Create a Data Marvel — Part 7: Connecting the Graph

Jennifer Reif
Neo4j Developer Blog

--

*Update*: All parts of this series are published and related content available.

Part 1, Part 2, Part 3, Part 4, Part 5, Part 6, Part 7, Part 8, Part 9, Part 10

Completed Github project (+related content)

In the posts leading up to this one, we have taken data from the Marvel API, organized it into a graph model, imported the data to Neo4j, created a Spring application from the Spring Initializr page, and set up 5 out of 6 of our entities (Character, Creator, Event, Series, Story) with domain, repository, and controller classes. Finally, we are ready to start knitting all these pieces together using the ComicIssue domain and code the connectors that define a graph — the relationships!
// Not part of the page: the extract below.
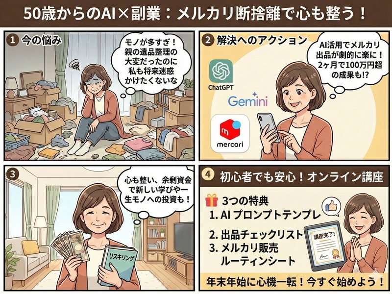 アナログ人間の私に、根気良くお付き合い頂きました。メルカリは、購入のみで、売却はハードル高かったのですが、講座中に、出品したものが、売却出来てびっくりです。売却の手順が面白くて、これから楽しめそうです。有意義なお時間ありがとうございました。有村先生、チャーミングで楽しい方でした。

In this post, we will work through some coding for our ComicIssue model, repository, and controller classes, as well as code one additional class for a service. We will talk about what purpose the extra class fills and what goes into it when we get to it. For now, let’s code!

The ComicIssue class

This class will look similar to our other classes we coded in the last couple of blog posts. To create it, simply right-mouse click on our comicissue folder and choose New->Java Class. Name it ComicIssue, and Spring will generate the skeleton for us.

We will have our annotations, Lombok shortcuts, and our fields. We can see this in the class code below.
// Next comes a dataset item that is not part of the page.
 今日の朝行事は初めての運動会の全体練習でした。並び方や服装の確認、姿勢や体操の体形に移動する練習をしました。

package com.example.demo.comicissue;import ...@Data
@NoArgsConstructor
@RequiredArgsConstructor
@NodeEntity
public class ComicIssue {
@Id @GeneratedValue
private Long neoId;
@NonNull
private Long id;
@NonNull
private Integer pageCount;
@NonNull
private Double issueNumber;
@NonNull
private String name, thumbnail, resourceURI;
@Relationship(type = “INCLUDES”)
private List<Character> characters = new ArrayList<>();
@Relationship(type = “CREATED_BY”)
private List<Creator> creators = new ArrayList<>();
@Relationship(type = “PART_OF”)
private List<Event> events = new ArrayList<>();
@Relationship(type = “BELONGS_TO”)
private List<Series> series = new ArrayList<>();
@Relationship(type = “MADE_OF”)
private List<Story> stories = new ArrayList<>();
public List<Character> getCharacters() { return characters; }
public List<Creator> getCreators() { return creators; }
public List<Event> getEvents() { return events; }
public List<Series> getSeries() { return series; }
public List<Story> getStories() { return stories; }
}

What is different is the bit after our fields. We have added some annotations, array lists, and getters here. This is where we connect our ComicIssue entity to our other entities. Recall the data model that we drew back in our first post.
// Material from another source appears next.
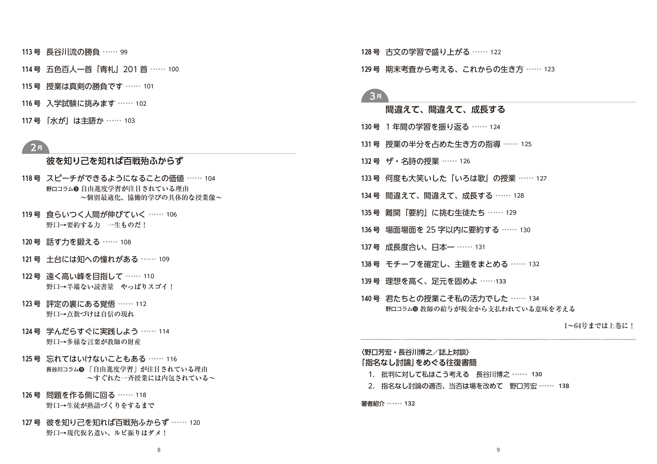 生徒が燃えるドラマチックな授業の展開で超人気教師・長谷川博之の1年間の授業の全記録を、国語界レジェンド・野口芳宏が、歯に衣着せぬ突っ込みで、「学力と人格」を磨く授業を提言。4月から3月まで、全280ページに及ぶボリュームを上下巻で刊行。

Before today’s post, none of those arrows between our nodes existed in our application (they do in the database, though). Let us take just one of these relationships and examine the code a bit more closely.

@Relationship(type = “INCLUDES”)
private List<Character> characters = new ArrayList<>();
public List<Character> getCharacters() { return characters; }

In that block, we use the @Relationship annotation from the object-graph mapper (OGM) to specify that a relationship exists between the current entity (ComicIssue) and the entity retrieved in the ArrayList (in this case, Character). The type annotation argument tells us the kind of the relationship that exists between the two entities. Since we have several different relationships that can exist in our graph (CREATED_BY, MADE_OF, etc), we want to specify that the INCLUDES relationship exists between a ComicIssue and a Character.

The line beneath the annotation then sets up an ArrayList variable that will contain a list of Character entities. Finally, we add a “getter” method that will also return a list of type Character. This means that when we retrieve a ComicIssue, we can access the characters that are connected to that ComicIssue by an INCLUDES relationship.

We use this same logic to set up the relationships between the ComicIssue and each of our other entities, as we saw in the initial code block. With those connections, we will be able to retrieve any of the other entities connected to a particular ComicIssue.

The repository class

Now that we have the model class completed, we can set up our data access layer with the repository class. Just as we did with our other classes, we will create a new Java class, name it (ComicIssueRepo), and set the Kind to Interface.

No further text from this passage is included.